- WORK TO BE COMPLETED:
Leave the images out. Give every line below again, precisely.

- TASK INPUT:
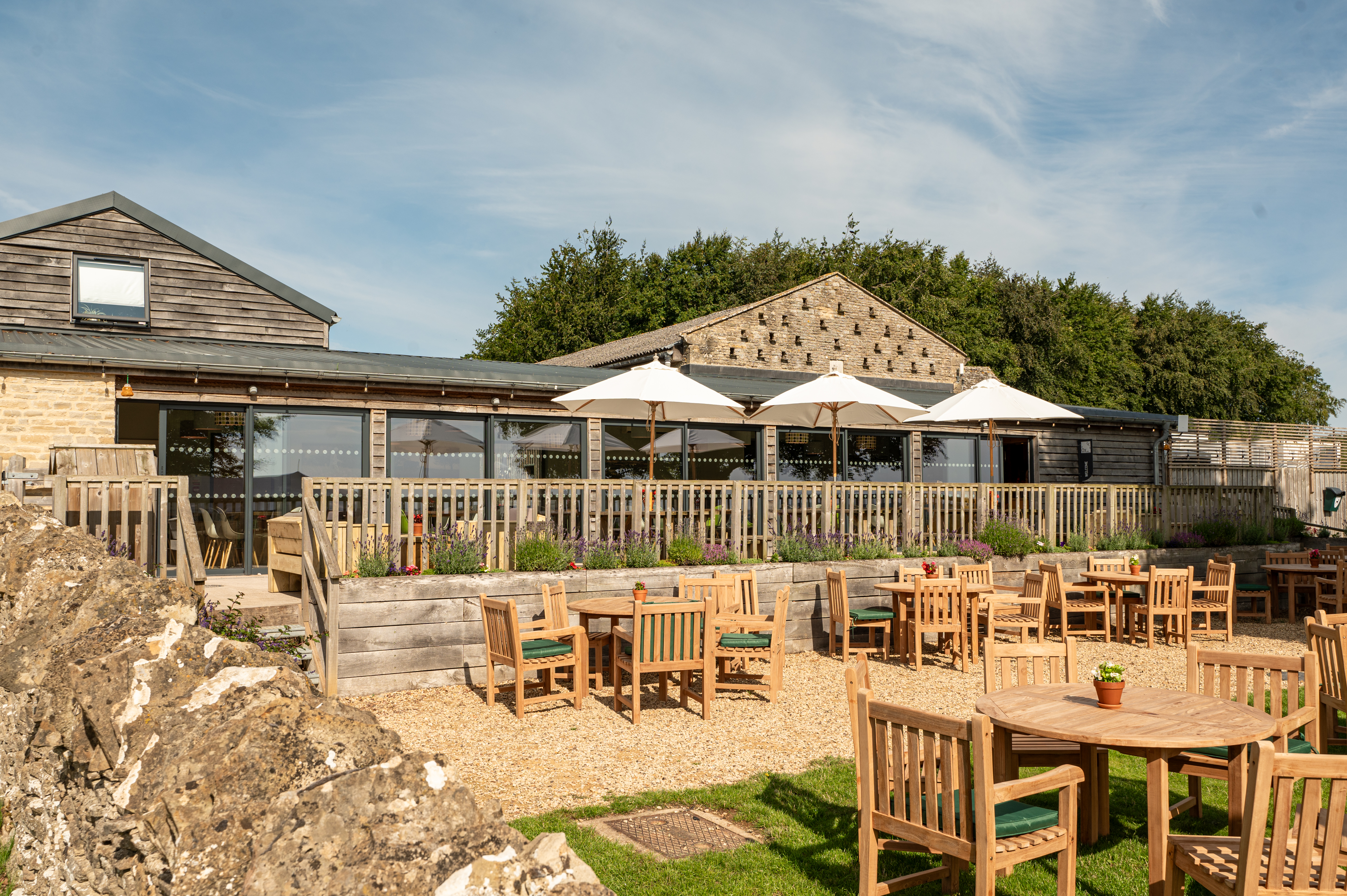 Our team has taken great care to create a space that not only captures the essence of traditional farm buildings but also minimises waste and embraces sustainability. As you step foot in The Ox Shed, you'll notice the charming British green oak featheredge boarding, the characterful corrugated tin roof, and the Cotswold stone recycled from the old hovel building that once graced the park's outdoor seating area.
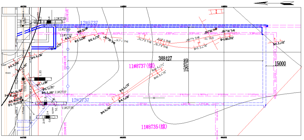 圖4 12#層5737巷與12#層8739面采掘交鋒施工切頂眼示意圖
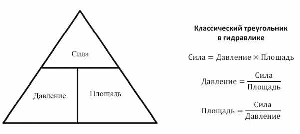 Физическая величина давление равна силе приходящейся на единицу площади. Вообще отношение силы, давления и площади можно выразить в виде вот такого мнемонического треугольника как на рисунке ниже.
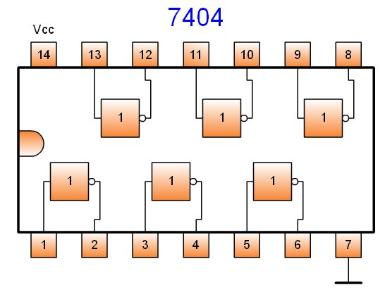 El circuito 7404 integra 6 puertas inversoras con los terminales de alimentación. Este es su aspecto: ![]() Circuito integrado 7404 Para utilizar una de estas puertas se debe alimentar el circuito a 5 Voltios y conectar los terminales de dicha puerta. Cada una de ellas es independiente del resto. Existen otras puertas que son combinación de las anteriores, la NOR y la NAND, que también se comercializan. | |||||||||||||||
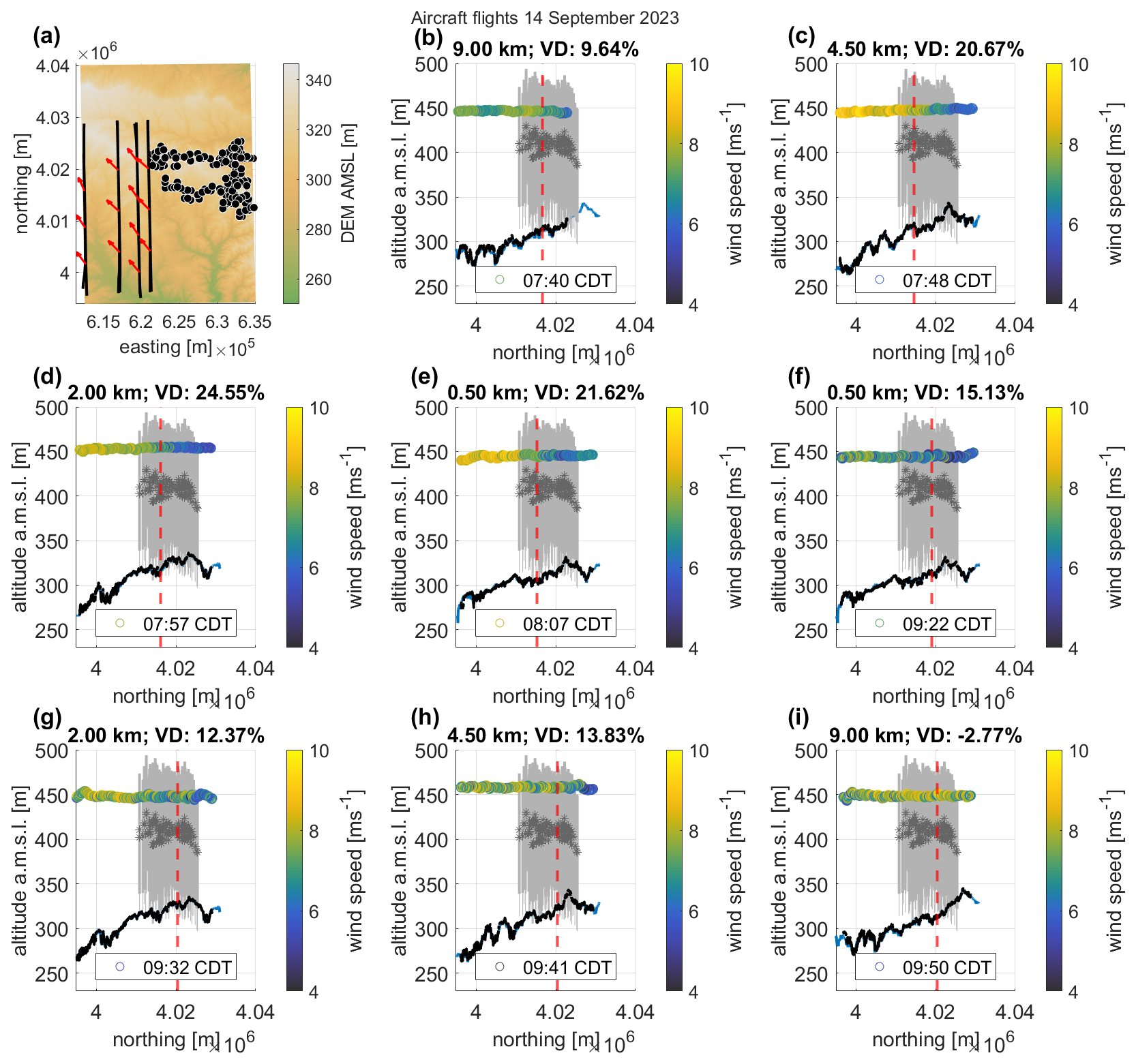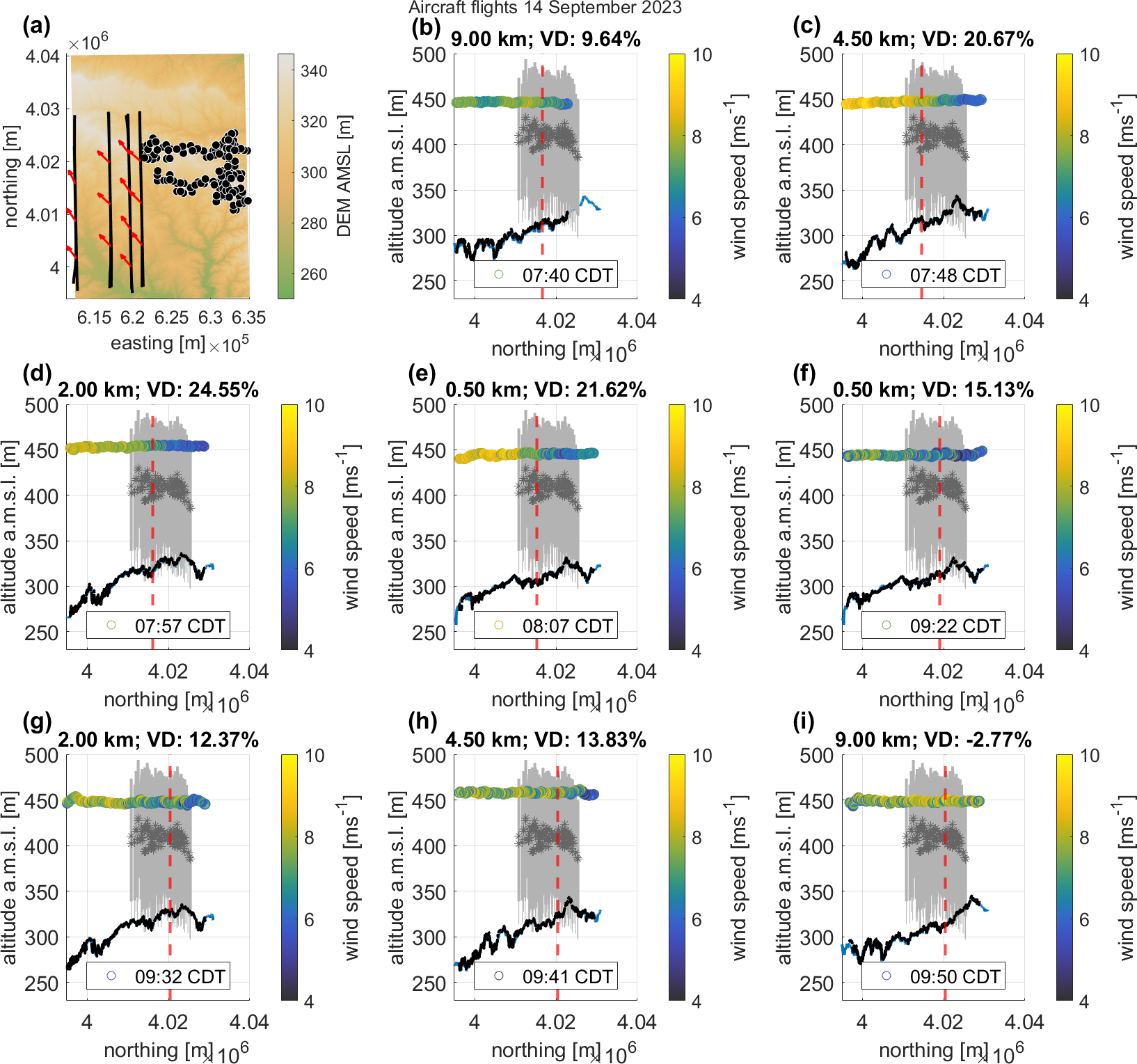 Figure 12Wake investigation for southerly wind direction. (a) Overview of the legs (parallel black lines), the King Plains wind farm (black/white dots), and the wind direction across the legs (red arrows); (b–i) the wind turbines of the King Plains wind farm (gray lines), the hub heights (gray stars), the topography obtained from the digital elevation model (blue line, U.S. Geological Survey (2018)), and the cut-off line (dashed red line) between the wake and the undisturbed area to calculate the velocity deficit (VD), derived from lidar data at Site A1 for the time of the leg at 110 m a.g.l. The wind speed is color coded.

- RESPONSE AREA:
 Our team has taken great care to create a space that not only captures the essence of traditional farm buildings but also minimises waste and embraces sustainability. As you step foot in The Ox Shed, you'll notice the charming British green oak featheredge boarding, the characterful corrugated tin roof, and the Cotswold stone recycled from the old hovel building that once graced the park's outdoor seating area.
 圖4 12#層5737巷與12#層8739面采掘交鋒施工切頂眼示意圖
 Физическая величина давление равна силе приходящейся на единицу площади. Вообще отношение силы, давления и площади можно выразить в виде вот такого мнемонического треугольника как на рисунке ниже.
 El circuito 7404 integra 6 puertas inversoras con los terminales de alimentación. Este es su aspecto: ![]() Circuito integrado 7404 Para utilizar una de estas puertas se debe alimentar el circuito a 5 Voltios y conectar los terminales de dicha puerta. Cada una de ellas es independiente del resto. Existen otras puertas que son combinación de las anteriores, la NOR y la NAND, que también se comercializan. | |||||||||||||||
 Figure 12Wake investigation for southerly wind direction. (a) Overview of the legs (parallel black lines), the King Plains wind farm (black/white dots), and the wind direction across the legs (red arrows); (b–i) the wind turbines of the King Plains wind farm (gray lines), the hub heights (gray stars), the topography obtained from the digital elevation model (blue line, U.S. Geological Survey (2018)), and the cut-off line (dashed red line) between the wake and the undisturbed area to calculate the velocity deficit (VD), derived from lidar data at Site A1 for the time of the leg at 110 m a.g.l. The wind speed is color coded.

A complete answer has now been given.